Canada's population has shrunk again, declining for a third straight quarter according to new figures from Statistics Canada. The data points to a demographic shift that experts say the country has been slow to confront. It also places Canada among a growing number of nations now grappling with the prospect of a shrinking population.
According to Statistics Canada, the population decreased by about 55,000 in the first quarter of this year, falling to just over 41,400,000. That represents a drop of roughly 0.1% from the start of the year on January 1st, marking the third consecutive quarter in which the total has gone down rather than up.
A central factor is the balance of births compared with deaths. Canada's fertility rate has fallen to a record low of 1.25, far below the level a population needs to remain stable on its own. The combination of fewer births and an aging society is reshaping the country's long-term outlook.
The trend is not unique to Canada. Populations are shrinking across much of the world, and a Canadian population-change expert noted that while aging is a common theme in national discussions, the idea of outright depopulation and shrinking has not really been part of the conversation. He argued that Canadians should be talking about it much more.
That expert, identified as Hartwell, suggested the shift does not have to be seen as a catastrophe. The global population, he said, will probably begin to decline before the end of the century, and the task is to make the best of a difficult demographic situation rather than to panic, a process he likened to making lemonade out of a tough hand.
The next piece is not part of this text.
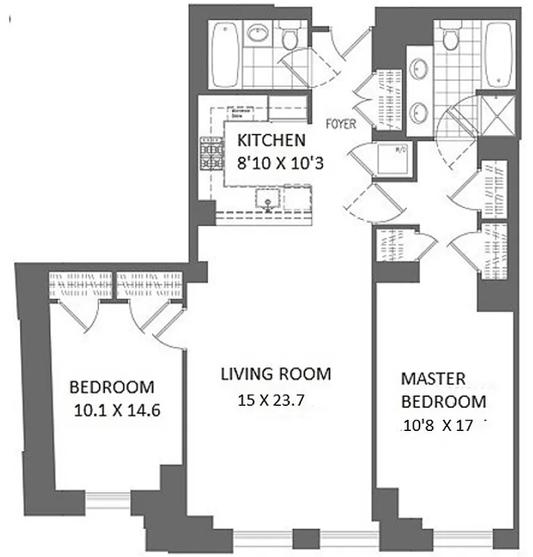 Quintessential loft living high in the sky. Spanning 1325 square feet and beamed 10ft ceilings throughout, this two-bedroom, two-bathroom home is bright, airy and classic. Two large west-facing windows offer gracious light all day and breath-taking sunset views at dusk. Easily separated into a dining area and a seating area, the living room is proportioned generously. The spacious chef’s kitchen is equipped with all Viking appliances and ample storage/counter space. Speaking of closets, there are six organized closets! The primary bedroom boasts a luxurious five-fixture en-suite bathroom with deep soaking tub and double vanity. A work station is easily accommodated in the outsized primary bedroom, in addition to a king bed and two night stands.
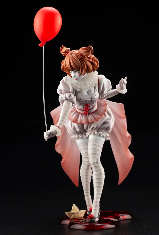 「HORROR美少女 ペニーワイズ(2017)」 2022 コトブキヤの人気シリーズ、HORROR美少女で登場のペニーワイズ。 山下しゅんやさんによるキュートなアレンジはとにかく造形意欲を掻き立てられました。 クリアー成型のフリルや台座の美しさ、眺めていて飽きない製品に仕上がっています。 全高約255mm

Part of the reason Canada has not dwelled on the issue, the expert said, is that the country has historically been far more a nation of immigrants. That reliance on newcomers, he noted, allowed Canadians to avoid thinking too hard about the underlying changes in their own population over the years.
The Canadian numbers landed as attention turned abroad for possible lessons, particularly to South Korea, where a much steeper collapse in births has prompted aggressive measures such as matchmaking parks, baby bonuses, heavily subsidized housing and state-funded fertility treatment. With Canada's own fertility rate at a record low, observers suggested those experiments are worth watching closely.